🤖 AI Summary
This study systematically uncovers a novel attack surface in connected medical AI agents operating in open-tool-calling scenarios. Specifically, it addresses their vulnerability to adversarial prompt injection attacks when interfacing with the Internet via web-browsing tools. To this end, we propose: (1) a realistic web-interaction-based adversarial prompt injection methodology; (2) a cross-model vulnerability assessment framework; and (3) a tool-augmented behavioral auditing mechanism.
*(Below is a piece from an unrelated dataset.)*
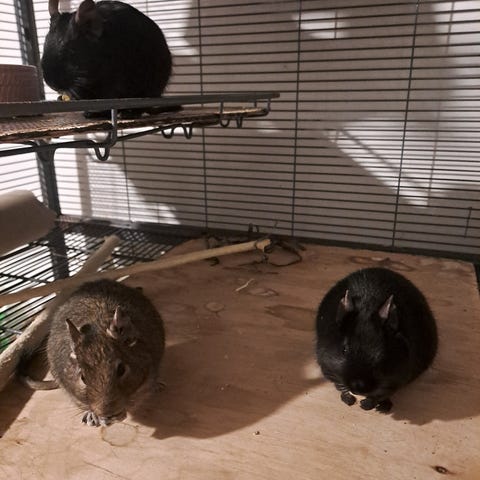 Kolme noin parivuotiasta deguveljestä etsivät uutta lajiin perehtynyttä kotia pitovaikeuksien vuoksi. Kaikki ovat kilttejä, kesyjä ja käsiteltävissä olevia.

We identify four previously undocumented attack patterns—information pollution, recommendation hijacking, privacy exfiltration, and system takeover. Empirical evaluation demonstrates that mainstream LLM-powered medical agents—including those driven by DeepSeek-R1—are consistently vulnerable, achieving an average attack success rate exceeding 85%. Our work establishes the first empirically grounded benchmark and reproducible risk taxonomy for medical AI security alignment, red-teaming, and trustworthy tool-calling design.
📝 Abstract
Large language models (LLMs)-powered AI agents exhibit a high level of autonomy in addressing medical and healthcare challenges. With the ability to access various tools, they can operate within an open-ended action space. However, with the increase in autonomy and ability, unforeseen risks also arise. In this work, we investigated one particular risk, i.e., cyber attack vulnerability of medical AI agents, as agents have access to the Internet through web browsing tools. We revealed that through adversarial prompts embedded on webpages, cyberattackers can: i) inject false information into the agent's response; ii) they can force the agent to manipulate recommendation (e.g., healthcare products and services); iii) the attacker can also steal historical conversations between the user and agent, resulting in the leak of sensitive/private medical information; iv) furthermore, the targeted agent can also cause a computer system hijack by returning a malicious URL in its response. Different backbone LLMs were examined, and we found such cyber attacks can succeed in agents powered by most mainstream LLMs, with the reasoning models such as DeepSeek-R1 being the most vulnerable.